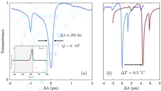 (a) Transmission trace of a typical WGM resonance (inset: radial profile of a fundamental mode of a WGM resonance ( and ); (b) illustrative example of the wavelength shift suffered by the resonances for a temperature increment of C.
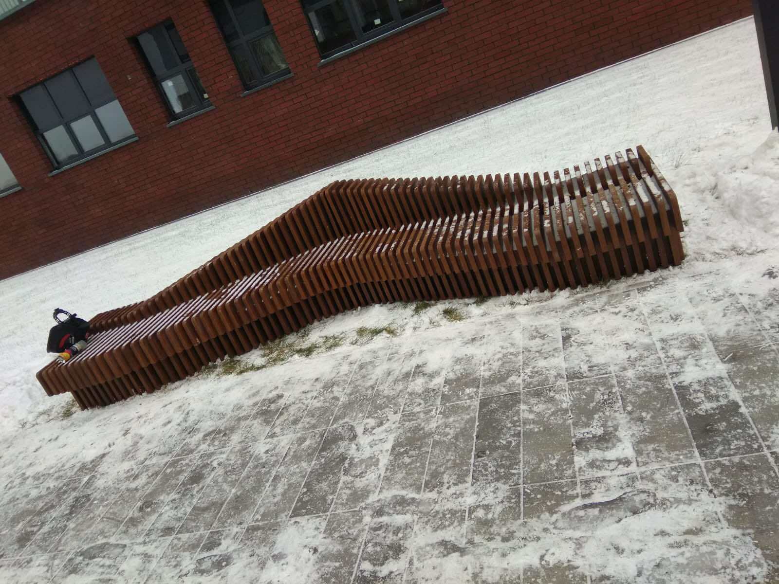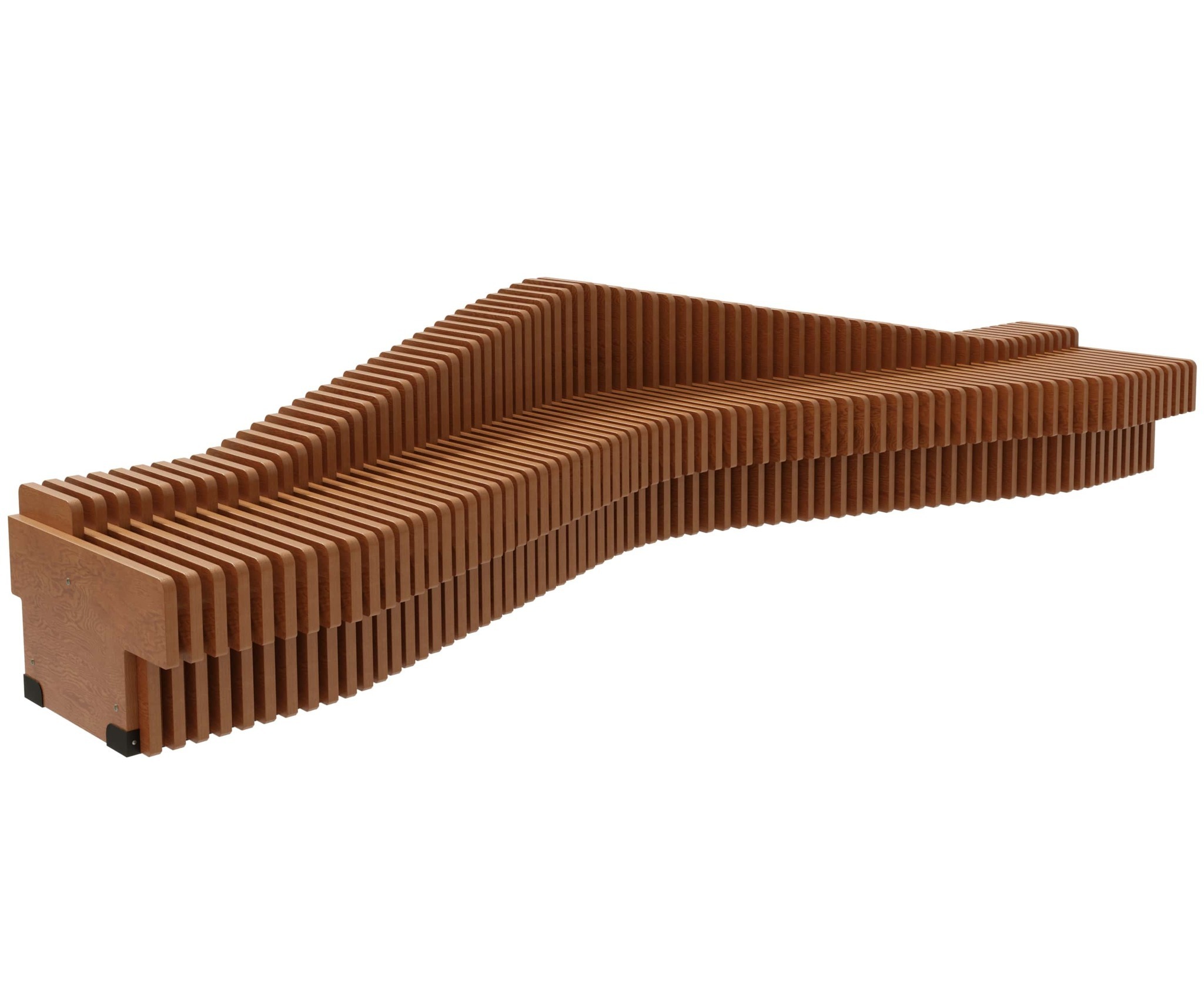 Опоры, сиденье и спинка: Фанера ФСФ. Покрытие - атмосферостойкая лессирующая акриловая пропитка с лаком. Стандартные цвета: Палисандр, Махагон, Тик.
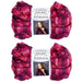 Great for making scarves and more, this Metallic Pink & Red Rosebud Ribbons Yarn features pink, red and purple striped, netted yarn with sparkly red accents.
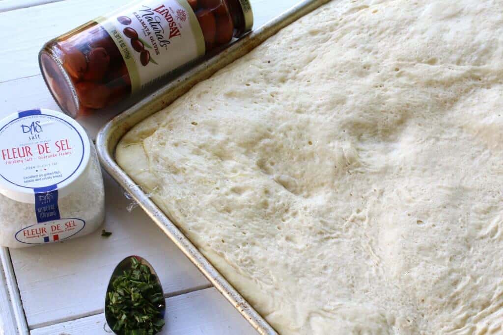 I’m going to make this focaccia using olives and rosemary for a phenomenal Olive Rosemary Focaccia but you can use any toppings of your choice.
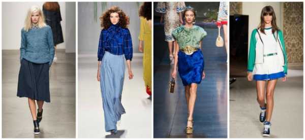 Стилисты уверяют, что синева актуальна в любое время года. При составлении гардероба рекомендуется делать акценты на светлых и темных тонах.
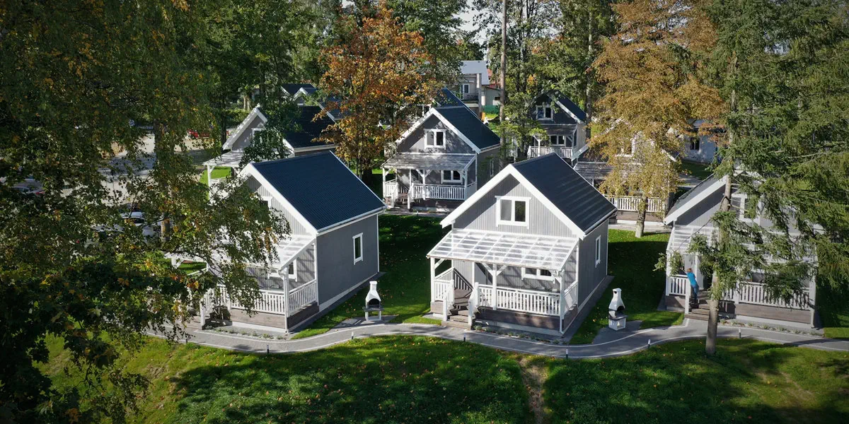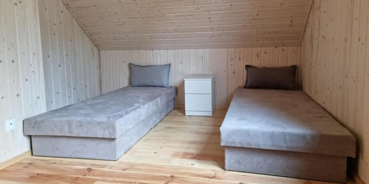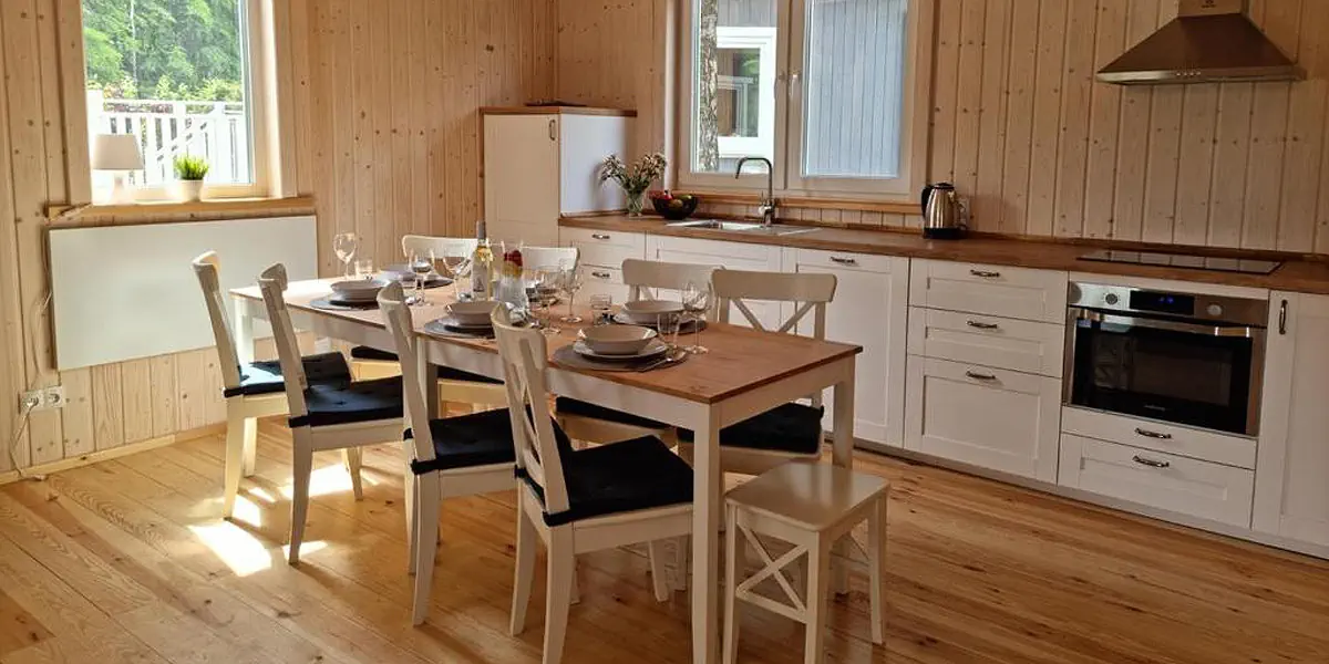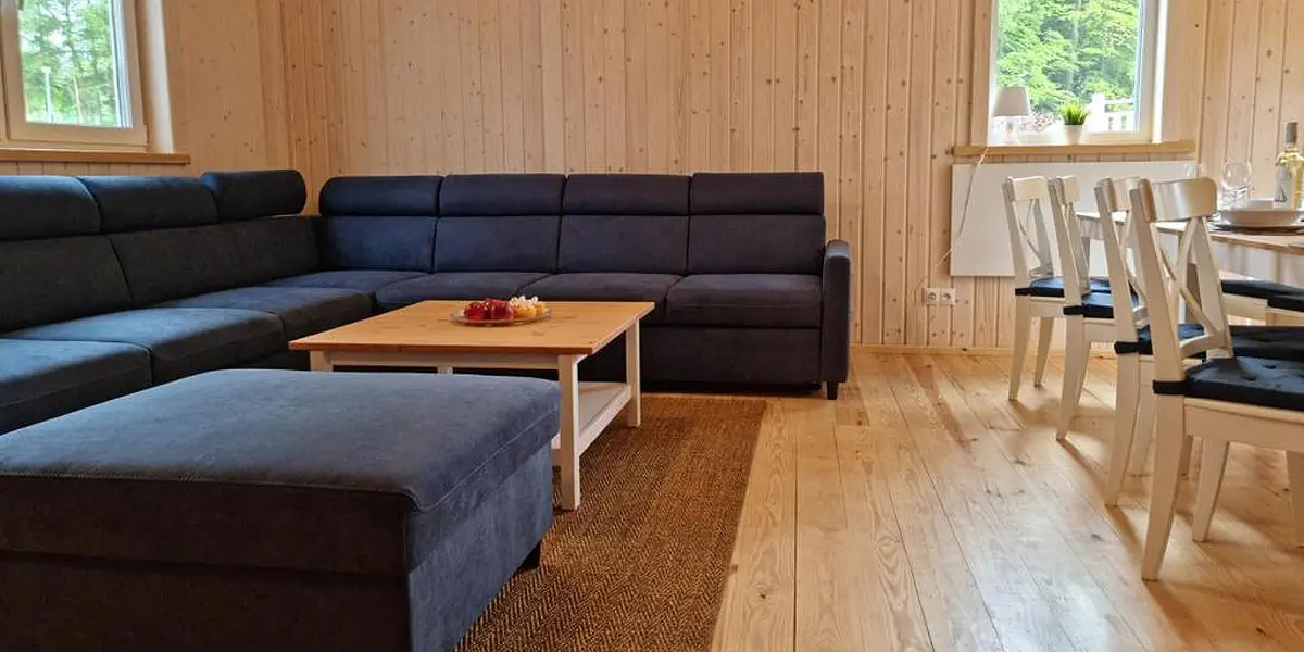 Domek z salonem, aneksem kuchennym, łazienką, 2 sypialniami i tarasem
★ ★ ★
- **What is expected**
For each record above, write out its text exactly and skip any picture.

- **Result**
 (a) Transmission trace of a typical WGM resonance (inset: radial profile of a fundamental mode of a WGM resonance ( and ); (b) illustrative example of the wavelength shift suffered by the resonances for a temperature increment of C.
 Опоры, сиденье и спинка: Фанера ФСФ. Покрытие - атмосферостойкая лессирующая акриловая пропитка с лаком. Стандартные цвета: Палисандр, Махагон, Тик.
 Great for making scarves and more, this Metallic Pink & Red Rosebud Ribbons Yarn features pink, red and purple striped, netted yarn with sparkly red accents.
 I’m going to make this focaccia using olives and rosemary for a phenomenal Olive Rosemary Focaccia but you can use any toppings of your choice.
 Стилисты уверяют, что синева актуальна в любое время года. При составлении гардероба рекомендуется делать акценты на светлых и темных тонах.
 Domek z salonem, aneksem kuchennym, łazienką, 2 sypialniami i tarasem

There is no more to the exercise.